____ Input for this task

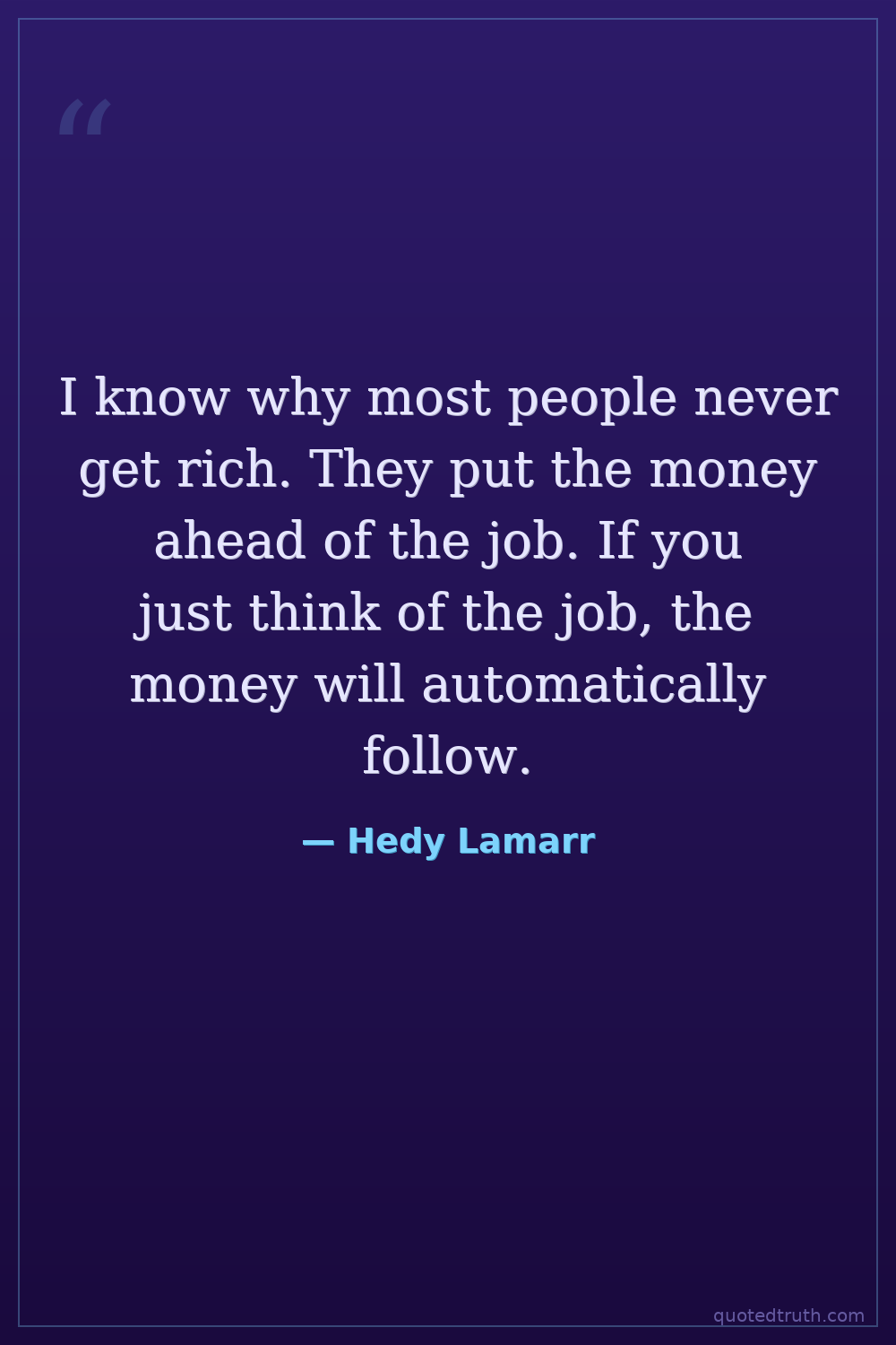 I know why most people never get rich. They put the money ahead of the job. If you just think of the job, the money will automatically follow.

________
____ Input for this task

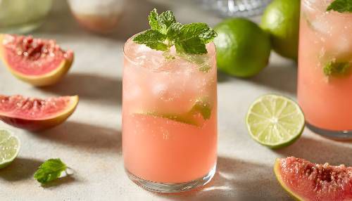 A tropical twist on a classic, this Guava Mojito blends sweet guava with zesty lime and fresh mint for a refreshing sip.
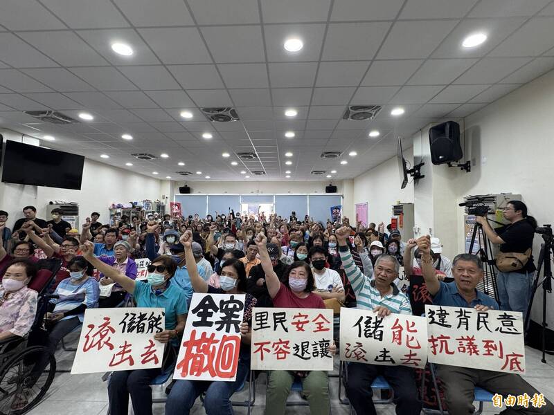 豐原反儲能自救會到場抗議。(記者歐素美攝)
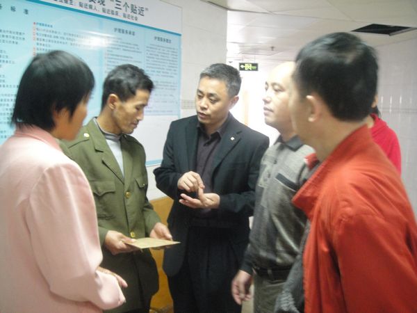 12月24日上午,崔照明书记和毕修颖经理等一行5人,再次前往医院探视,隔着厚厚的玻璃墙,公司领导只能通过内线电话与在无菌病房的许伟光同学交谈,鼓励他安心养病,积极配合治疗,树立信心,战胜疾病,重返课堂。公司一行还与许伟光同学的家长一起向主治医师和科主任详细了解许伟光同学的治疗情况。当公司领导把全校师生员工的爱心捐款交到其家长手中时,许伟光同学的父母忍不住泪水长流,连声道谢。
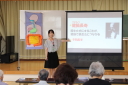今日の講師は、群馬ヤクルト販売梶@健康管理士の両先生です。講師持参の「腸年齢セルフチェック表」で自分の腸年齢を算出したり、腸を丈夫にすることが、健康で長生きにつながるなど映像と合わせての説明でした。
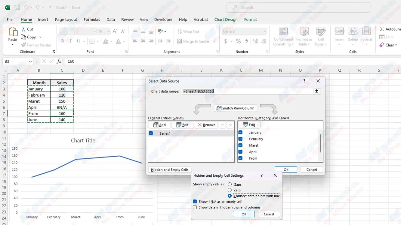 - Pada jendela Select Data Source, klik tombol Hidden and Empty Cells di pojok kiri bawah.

________
____ Input for this task

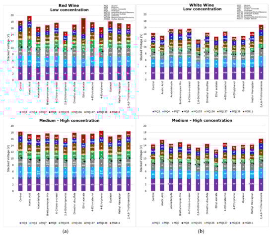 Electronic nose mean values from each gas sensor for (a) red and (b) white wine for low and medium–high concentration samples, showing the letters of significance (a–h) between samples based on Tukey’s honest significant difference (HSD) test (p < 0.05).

________

Problem details: What you need to produce is an exact copy of the entries above, limited to the lines from the one with "今日の講師は、群馬ヤクルト販" up to and including the one with "- Pada jendela", without pictures.

Response to this task:
今日の講師は、群馬ヤクルト販売梶@健康管理士の両先生です。講師持参の「腸年齢セルフチェック表」で自分の腸年齢を算出したり、腸を丈夫にすることが、健康で長生きにつながるなど映像と合わせての説明でした。
 - Pada jendela Select Data Source, klik tombol Hidden and Empty Cells di pojok kiri bawah.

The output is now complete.